I came up with the idea (maybe not new) to create a additional
library(along druntime and Phobos) delivered with dmd package
and named "Mars" (Deimos is unfortunately already taken ).
The library itself would be driven by community (not individual
library developer) in order to be... the standard.
The process would be something similar to that other committees
use
(e.g http://www.iec.ch/standardsdev/how/processes/development/)
where before the standard is approved it goes through a draft
stage. Still a draft can be used to create a working product
(e.g. some Wi-Fi solutions based on IEEE 802.11 drafts)
Possible initial prerequisites:
- User awareness about the usage consequences
- Library placed at https://github.com/D-Programming-Language/
- Only well recognized community members have pull rights
- design decision made on the best known sw engineering
patterns used in D
- New module should be functional with D/Phobos standards
applied
- API and implementation allowed to change any time in order to
make a progress
- no external dependencies beside OS services
- "draft" as the root module name e.g. "module draft.gui"
Advantages:
- community driven process which ensures the lowest level of
controversy
- fast path for modules like GUI to be standardized
Disadvantages:
- additional effort for the sw release process
Ready to be destroyed ;)
Piotrek
The most important thing about a standard library is decisiveness
in the leadership about what *kinds* of things should be in it.
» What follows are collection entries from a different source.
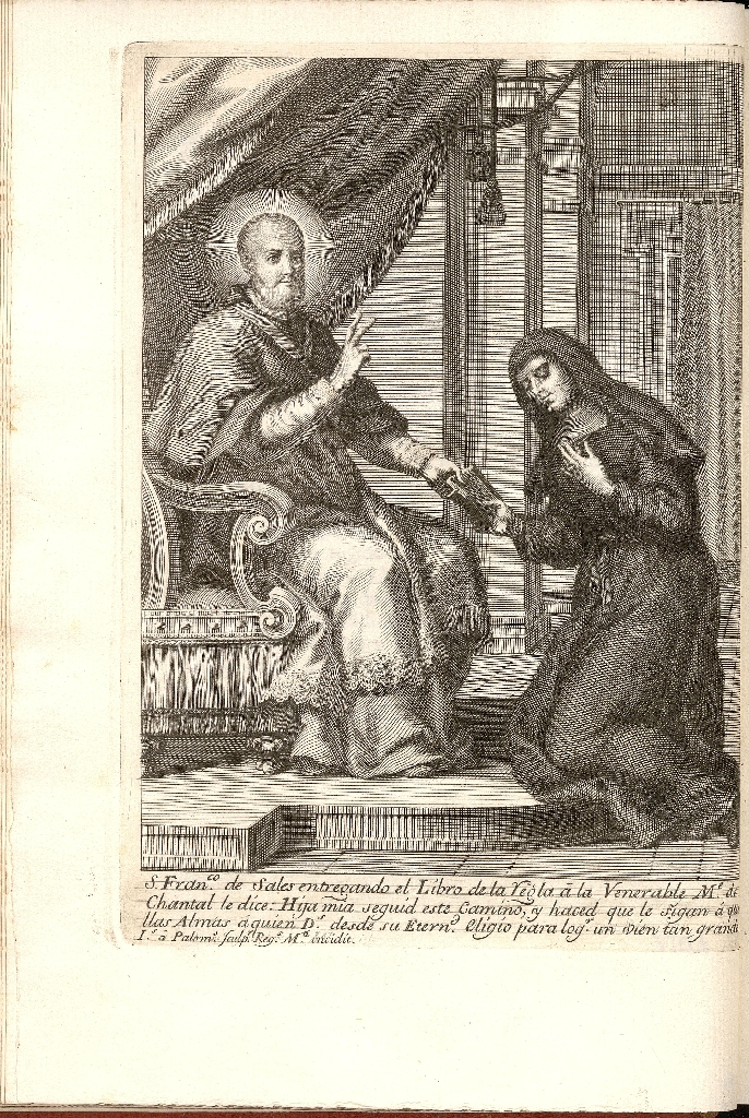 En la obra aparecen dos grabados calcográficos, el primero es el escudo real y el segundo representa a san Francisco de Sales sedente entregando el libro de la Regla a la santa arrodillada ante él. El grabado está realizado por Antonio Palomino, grabador de profunda formación humanista y que es considerado como uno de los principales teóricos de la pintura española del Barroco final.
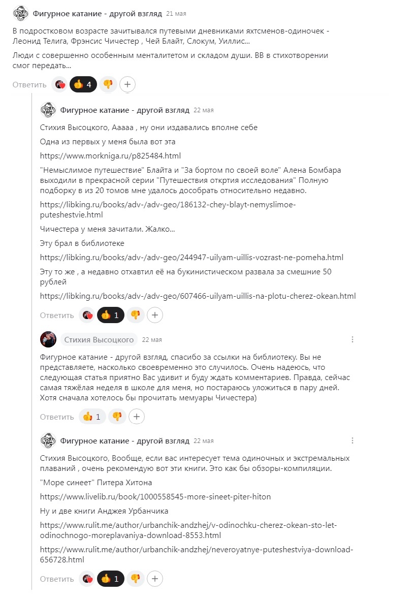 Наверное, до таких крайностей при встрече всё же не доходило, ведь одиночные плавания через океан начались не вчера. С первого такого путешествия в 1876 году до 70-х годов ХХ века с разной степенью успешности мореплавали в одиночку человек двести. Собрал эти истории вместе Анджей Урбанчик в своей книге "В одиночку через океан. Сто лет одиночного мореплавания". Она издавалась в СССР в 1974 году. Не знаю, слышал ли о ней Владимир Высоцкий. А вот книгу М. Туровской "Герои «безгеройного времени»" он точно не только видел, но и читал. Она была в его личной библиотеке с дарственной надписью автора. Спасибо за наводку Андрею Скобелеву: "О Т. Хейердале и А. Бомбаре, об их плаваниях подробно говорится в первой главе книги" ("Из материалов к комментированию текстов В.С. Высоцкого. Песни, созданные для фильма "Ветер "Надежды"" // В поисках Высоцкого. 2022. № 47 (октябрь 2022). С. 50.). Конечно, я открыла эту главу и... не нашла там источника вдохновения для Высоцкого. Вопреки утверждению уважаемого филолога, в тексте почти ничего не рассказывается о путешествиях Т. Хейердала или А. Бомбара. Да и автор книги не очень-то лестно о них отзывается:
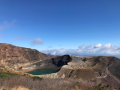 上、蔵王連峰に抱かれた五色沼(お釜)。下、宿舎のホテルヴァルトベルク前にて。
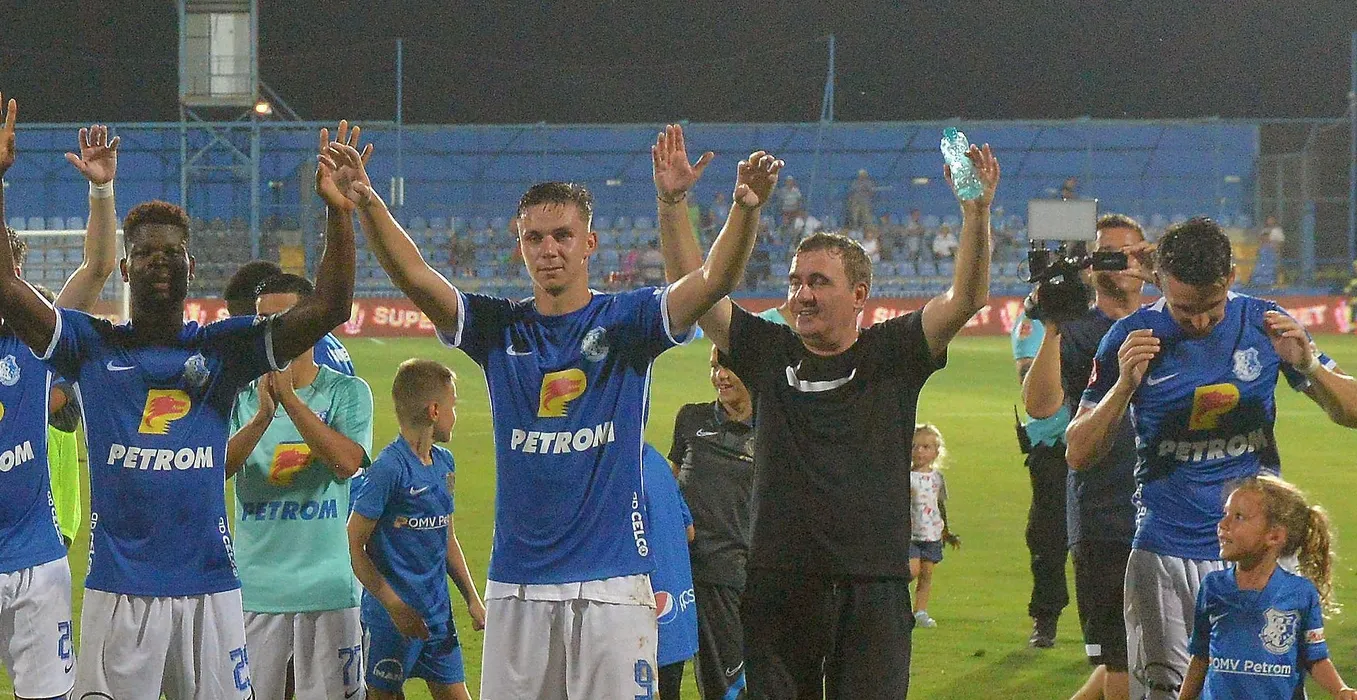 Fotbalistii constanteni Tudor Cristian Baluta, Sebastian Andrei Borza, Alexi Paul Pitu, Denis Alibec, Adrian Mazilu, Louis Munteanu alaturi de Gheorghe Hagi saluta galeria dupa meciul de fotbal dintre Farul Constanta si FC Voluntari, contand pentru Superliga Superbet, desfasurat pe Stadionul central al Academiei Gheorghe Hagi din Ovidiu, luni 22 august 2022. © FOTO:Razvan Pasarica/SPORT PICTURES

When it's been made clear that a given task is worthy of
inclusion in the standard library, there will be enough incentive
for contributors to put in the time and effort required to meet
its high standards.
But there are so many tasks that aren't quite up to that bar,
either because they serve too specific a niche, or because there
are two or more good, but conflicting ways to implement
solutions, and no good way to decide between them.
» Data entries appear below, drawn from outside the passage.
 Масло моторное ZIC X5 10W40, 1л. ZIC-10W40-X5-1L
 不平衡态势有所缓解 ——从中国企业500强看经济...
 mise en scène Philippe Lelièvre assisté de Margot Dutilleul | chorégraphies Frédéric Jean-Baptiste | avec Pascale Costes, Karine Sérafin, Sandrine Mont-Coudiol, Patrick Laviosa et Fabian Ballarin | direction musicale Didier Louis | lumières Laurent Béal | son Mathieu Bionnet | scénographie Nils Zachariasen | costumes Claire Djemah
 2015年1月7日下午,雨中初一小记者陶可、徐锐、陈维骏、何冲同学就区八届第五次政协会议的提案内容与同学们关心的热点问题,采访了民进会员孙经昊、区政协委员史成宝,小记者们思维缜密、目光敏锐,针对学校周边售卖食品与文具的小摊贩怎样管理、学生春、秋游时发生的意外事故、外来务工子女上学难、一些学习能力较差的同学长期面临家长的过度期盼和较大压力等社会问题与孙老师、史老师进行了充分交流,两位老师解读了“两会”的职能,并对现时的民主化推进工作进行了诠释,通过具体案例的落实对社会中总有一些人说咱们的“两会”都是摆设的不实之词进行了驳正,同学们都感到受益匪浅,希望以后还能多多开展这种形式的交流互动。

For any such task that doesn't meet those high standards, the
library's development is best left to the community. But there is
a place for the official recognition of existing libraries which
have reached a level of quality that can be safely recommended.
This is what is currently missing.
There needs to be a page for this. The existing Wiki page:
http://wiki.dlang.org/Libraries_and_Frameworks
... suffers from exactly the same problem as code.dlang.org. It
contains everything in existence.
This is more of a "second-party" library system, for which idea I
am indebted to this article:
http://www.jfbillingsley.com/blog/?p=206
Suggestions for implementation?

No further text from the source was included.